#### SUPPLIED RECORDS

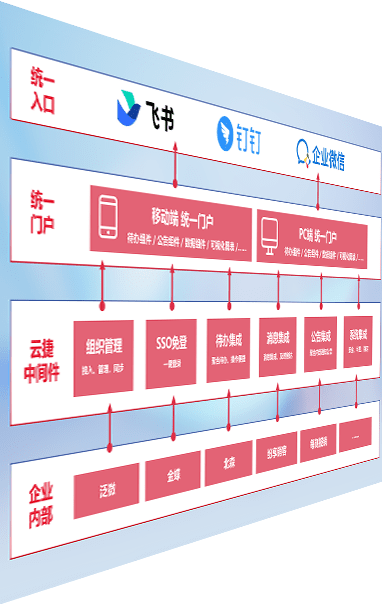 对协作平台提供支持服务,,,,支持企业应用与协作平台对接,,包含组织同步、、、消息集成、、待办集成等。。。支持目前主流的协作平台:钉钉、、企微和飞书。。
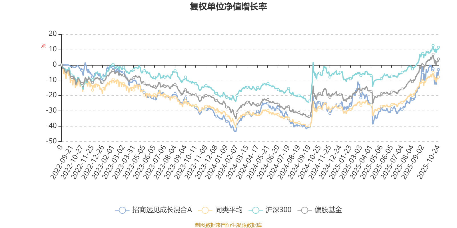 截至10月24日,招商远见成长混合A近三个月复权单位净值增长率为28.74%,位于同类可比基金83/621;近半年复权单位净值增长率为39.54%,位于同类可比基金134/618;近一年复权单位净值增长率为29.22%,位于同类可比基金296/611;近三年复权单位净值增长率为1.04%,位于同类可比基金383/518。
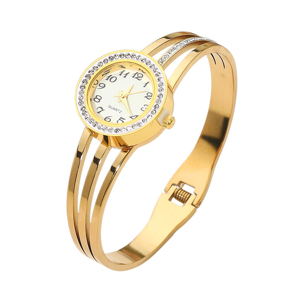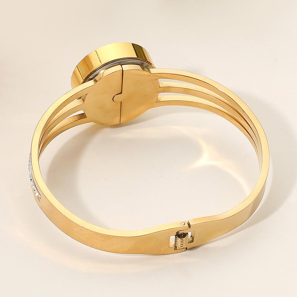 • Add timeless sophistication to your look with this elegant bangle-style quartz watch. Featuring a slim triple-band bracelet and a crystal-accented bezel, this chic timepiece perfectly balances fashion and function, making it an ideal accessory for any occasion.
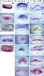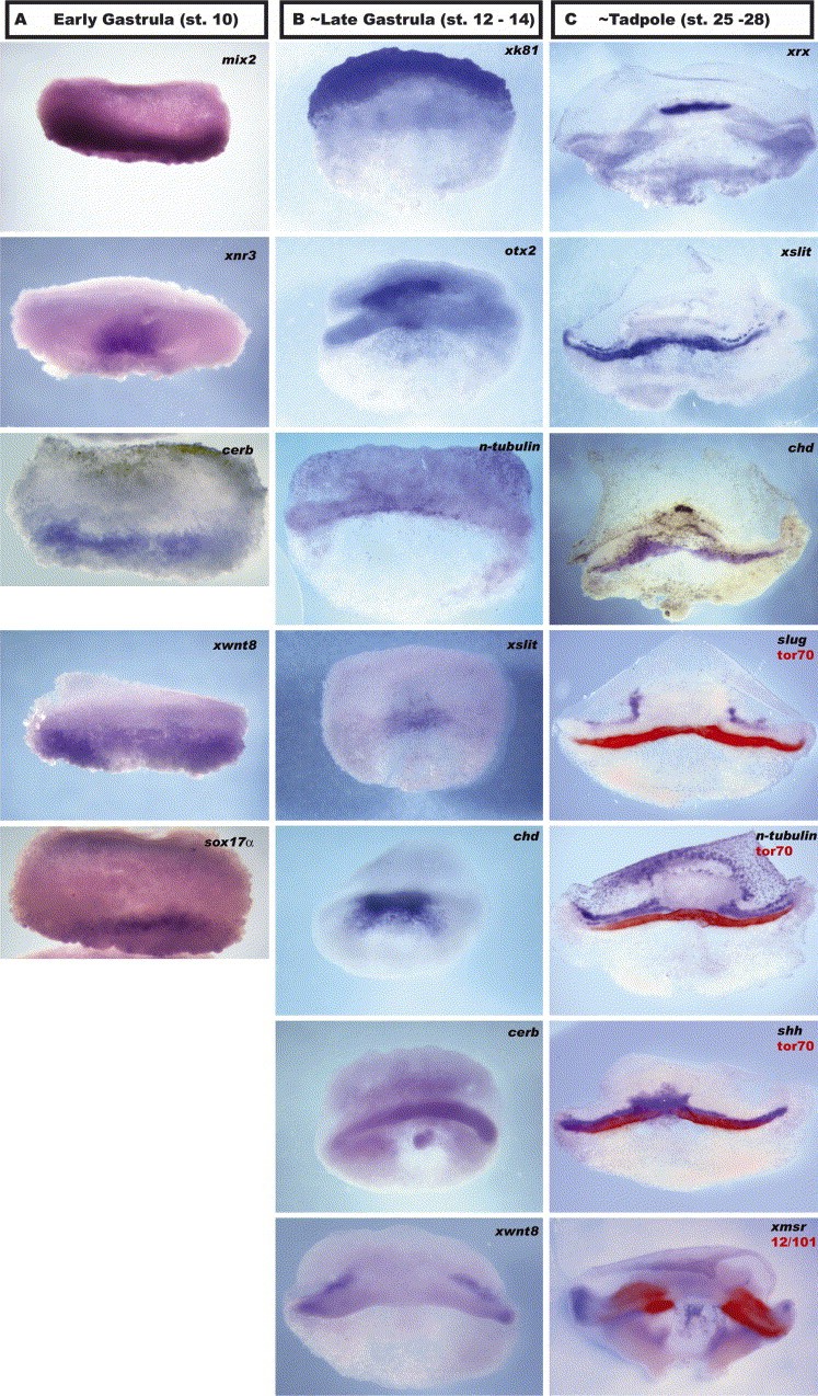 Fig. 2. Gene expression in the explant. (A) Mix2, xnr3, cerberus, xwnt8, and sox17a gene expression in explants immediately after isolation from the early gastrulaembryo. (B) Xk81, otx2, neural-specific tubulin, xslit, chordin, and xwnt8 gene expression patterns in explants cultured to the equivalent of the mid-late gastrula stage (approximately stages 12â14). (C) Xrx, xslit, chordin, slug, neural-specific tubulin, sonic hedgehog, xmsr gene expression at the equivalent tadpole stage (stages 25 â 28). Immunolocalization of tor70 (marking differentiated notochord) is shown in red accompanying slug, neural-specific tubulin, and sonic hedgehog. Immunolocalization of 12/101 (marking differentiated somitic mesoderm) is shown in red accompanying the xmsr gene expression pattern. All views are en face with the same orientation of animal up, vegetal down, and lateral on either side of the midline.
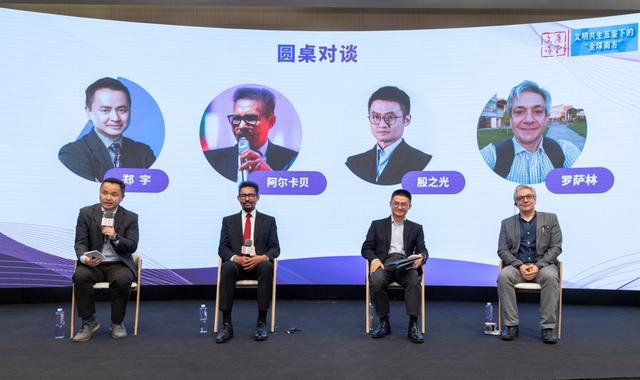 4.郑宇主持圆桌环节。四位嘉宾聚焦全球南方多元化现代化路径,探讨以南南合作推动互惠发展,并展望更加平等的全球治理新秩序。
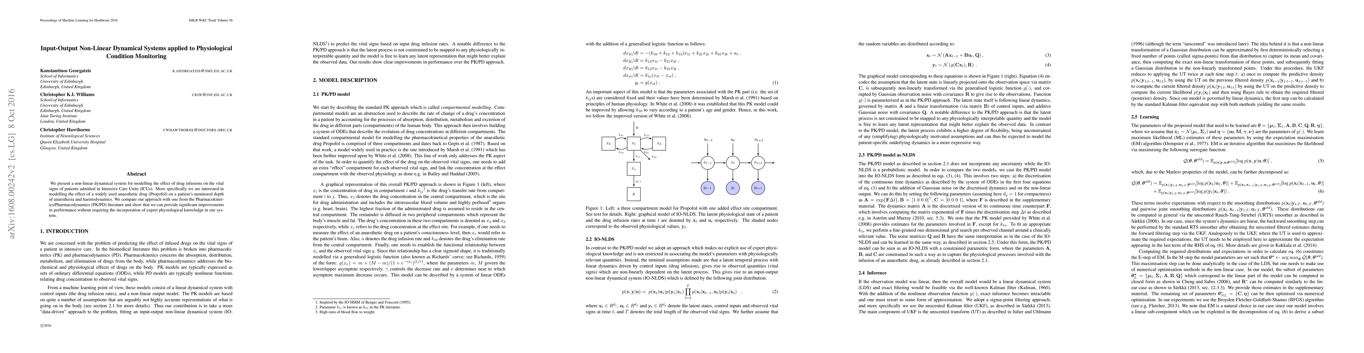 We present a non-linear dynamical system for modelling the effect of drug infusions on the vital signs of patients admitted in Intensive Care Units (ICUs). More specifically we are interested in modelling the effect of a widely used anaesthetic drug (Propofol) on a patient's monitored depth of anaesthesia and haemodynamics. We compare our approach with one from the Pharmacokinetics/Pharmacodynamics (PK/PD) literature and show that we can provide significant improvements in performance without requiring the incorporation of expert physiological knowledge in our system.
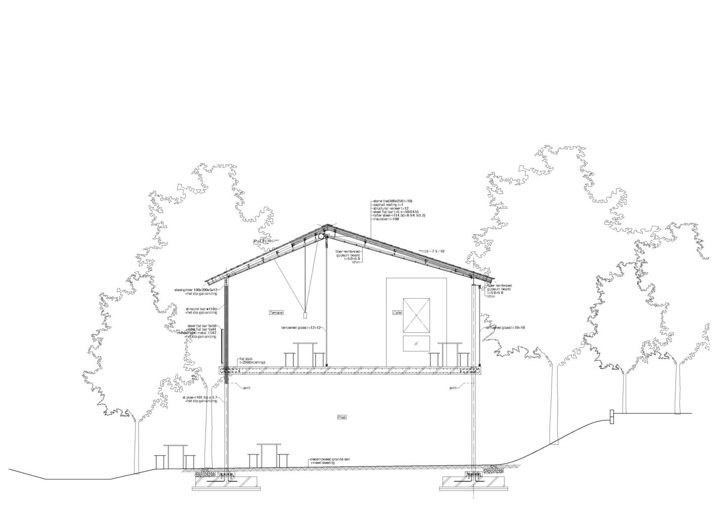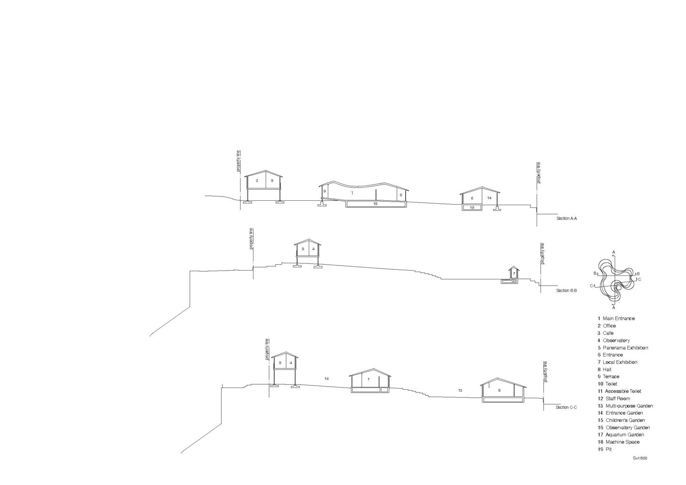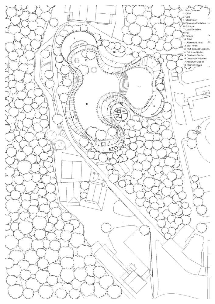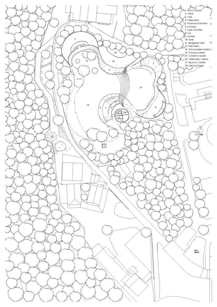In such an area, we planned this long building as a part of the park following the shapes and various levels of the site so that it flows in and out of the many different spaces that the site has in order to actualize its potential. As such, the three dimensional path building touches the ground and then jumps up according to the character of the space and its function. There will be seven small open spaces on the ground determining the shape of the building to make one big park. People don’t enter a building but a large open space walking through under the elevated part of the building. As people walk around the building, people will experience places like the viewing point, floating cafe in the trees, event space, and exhibition spaces.
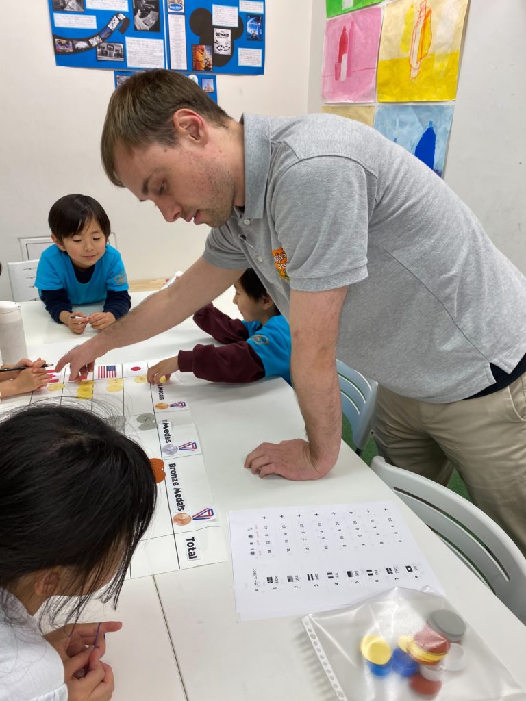 と、子どもたちも興味津々です!また、各国のメダル数を数えて、表にしました。
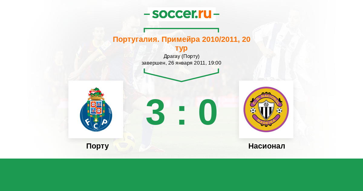 Португалия. Примейра 23.10.2011 Порту Логотип футбольный клуб Порту 5:0 Логотип футбольный клуб Насионал (Фуншал) Насионал
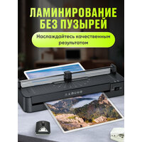 Настольная ламинирующая машинка не занимает много места, её размеры 122х428х65мм, а простое и интуитивно понятное управление подвластно даже ребенку. Вам удастся легко освоить гаджет.
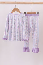 Unit price perSlip into cozy charm with this Lavender Floral Ruffle Bamboo Pajamas Pants Set. Crafted from soft bamboo fabric, it’s gentle on your skin and delightfully breathable for all-night comfort. The playful floral pattern paired with sweet ruffle details adds a fun, feminine touch to your bedtime routine. Perfect for lounging or dreamy sleep, this set makes relaxation feel effortlessly stylish.
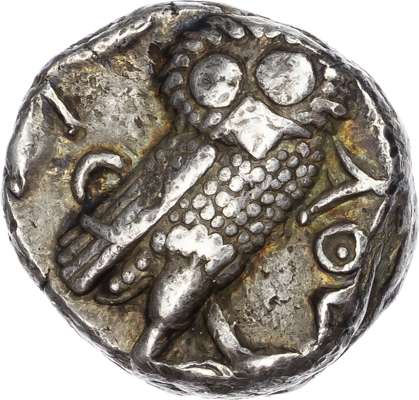 Helmeted head of Athena facing right. Rev. Owl standing right, olive-sprig behind, AΘE to right. (BMC 132 pl. 5/3; SNG Delepierre 1477). Fine. Weakly struck on a dumpy flan.
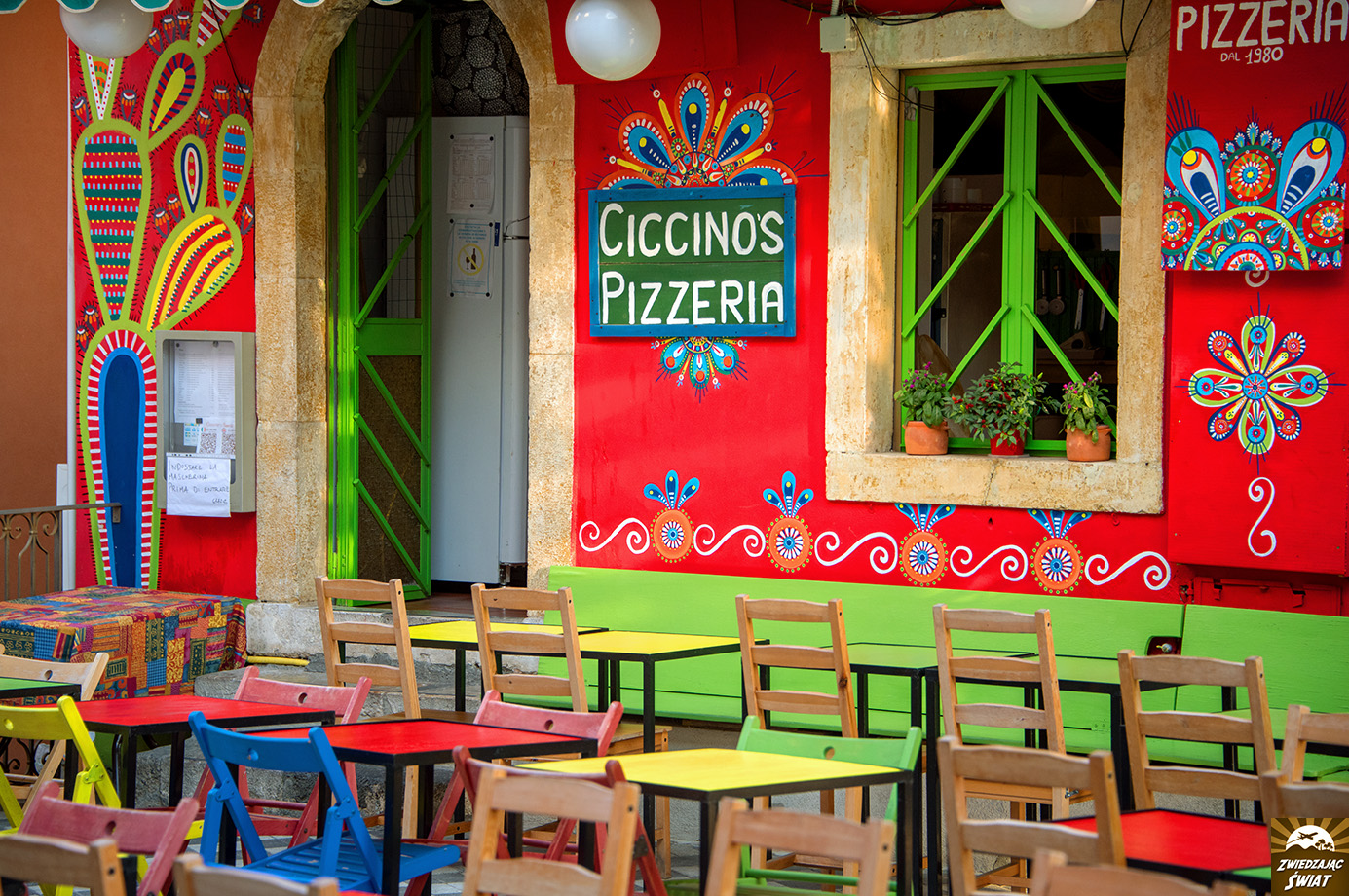 Gdy już uda wam się dotrzeć na wzgórze, na którym rozłożone jest Castelmola warto wdrapać się od Piazza San Antonino do ruin zamku wieńczącego wzniesienie, spojrzeć z góry na Taorminę, wybrzeże, w stronę Etny i zejść w okolicę Piazza del Duomo z kościółkiem San Giorgio oraz … rozstawionymi w niewielkiej odległości od niego stolikami pizzerii i pobliskiej knajpki.
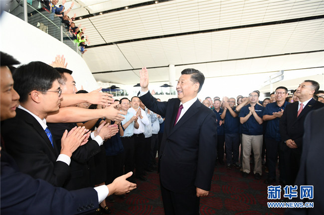 投運(yùn)儀式在機(jī)場聯(lián)檢大廳舉行。11時許,伴隨著歡快的迎賓曲,習(xí)近平等步入儀式現(xiàn)場,全場起立鼓掌。

########

> _YOUR OBJECTIVE_:
In transcribing the records, omit the pictures and keep everything else exactly as it appears.

> _THE COMPLETED TASK_:
 对协作平台提供支持服务,,,,支持企业应用与协作平台对接,,包含组织同步、、、消息集成、、待办集成等。。。支持目前主流的协作平台:钉钉、、企微和飞书。。
 截至10月24日,招商远见成长混合A近三个月复权单位净值增长率为28.74%,位于同类可比基金83/621;近半年复权单位净值增长率为39.54%,位于同类可比基金134/618;近一年复权单位净值增长率为29.22%,位于同类可比基金296/611;近三年复权单位净值增长率为1.04%,位于同类可比基金383/518。
 • Add timeless sophistication to your look with this elegant bangle-style quartz watch. Featuring a slim triple-band bracelet and a crystal-accented bezel, this chic timepiece perfectly balances fashion and function, making it an ideal accessory for any occasion.
 Fig. 2. Gene expression in the explant. (A) Mix2, xnr3, cerberus, xwnt8, and sox17a gene expression in explants immediately after isolation from the early gastrulaembryo. (B) Xk81, otx2, neural-specific tubulin, xslit, chordin, and xwnt8 gene expression patterns in explants cultured to the equivalent of the mid-late gastrula stage (approximately stages 12â14). (C) Xrx, xslit, chordin, slug, neural-specific tubulin, sonic hedgehog, xmsr gene expression at the equivalent tadpole stage (stages 25 â 28). Immunolocalization of tor70 (marking differentiated notochord) is shown in red accompanying slug, neural-specific tubulin, and sonic hedgehog. Immunolocalization of 12/101 (marking differentiated somitic mesoderm) is shown in red accompanying the xmsr gene expression pattern. All views are en face with the same orientation of animal up, vegetal down, and lateral on either side of the midline.
 4.郑宇主持圆桌环节。四位嘉宾聚焦全球南方多元化现代化路径,探讨以南南合作推动互惠发展,并展望更加平等的全球治理新秩序。
 We present a non-linear dynamical system for modelling the effect of drug infusions on the vital signs of patients admitted in Intensive Care Units (ICUs). More specifically we are interested in modelling the effect of a widely used anaesthetic drug (Propofol) on a patient's monitored depth of anaesthesia and haemodynamics. We compare our approach with one from the Pharmacokinetics/Pharmacodynamics (PK/PD) literature and show that we can provide significant improvements in performance without requiring the incorporation of expert physiological knowledge in our system.
In such an area, we planned this long building as a part of the park following the shapes and various levels of the site so that it flows in and out of the many different spaces that the site has in order to actualize its potential. As such, the three dimensional path building touches the ground and then jumps up according to the character of the space and its function. There will be seven small open spaces on the ground determining the shape of the building to make one big park. People don’t enter a building but a large open space walking through under the elevated part of the building. As people walk around the building, people will experience places like the viewing point, floating cafe in the trees, event space, and exhibition spaces.
 と、子どもたちも興味津々です!また、各国のメダル数を数えて、表にしました。
 Португалия. Примейра 23.10.2011 Порту Логотип футбольный клуб Порту 5:0 Логотип футбольный клуб Насионал (Фуншал) Насионал
 Настольная ламинирующая машинка не занимает много места, её размеры 122х428х65мм, а простое и интуитивно понятное управление подвластно даже ребенку. Вам удастся легко освоить гаджет.
 Unit price perSlip into cozy charm with this Lavender Floral Ruffle Bamboo Pajamas Pants Set. Crafted from soft bamboo fabric, it’s gentle on your skin and delightfully breathable for all-night comfort. The playful floral pattern paired with sweet ruffle details adds a fun, feminine touch to your bedtime routine. Perfect for lounging or dreamy sleep, this set makes relaxation feel effortlessly stylish.
 Helmeted head of Athena facing right. Rev. Owl standing right, olive-sprig behind, AΘE to right. (BMC 132 pl. 5/3; SNG Delepierre 1477). Fine. Weakly struck on a dumpy flan.
 Gdy już uda wam się dotrzeć na wzgórze, na którym rozłożone jest Castelmola warto wdrapać się od Piazza San Antonino do ruin zamku wieńczącego wzniesienie, spojrzeć z góry na Taorminę, wybrzeże, w stronę Etny i zejść w okolicę Piazza del Duomo z kościółkiem San Giorgio oraz … rozstawionymi w niewielkiej odległości od niego stolikami pizzerii i pobliskiej knajpki.
 投運(yùn)儀式在機(jī)場聯(lián)檢大廳舉行。11時許,伴隨著歡快的迎賓曲,習(xí)近平等步入儀式現(xiàn)場,全場起立鼓掌。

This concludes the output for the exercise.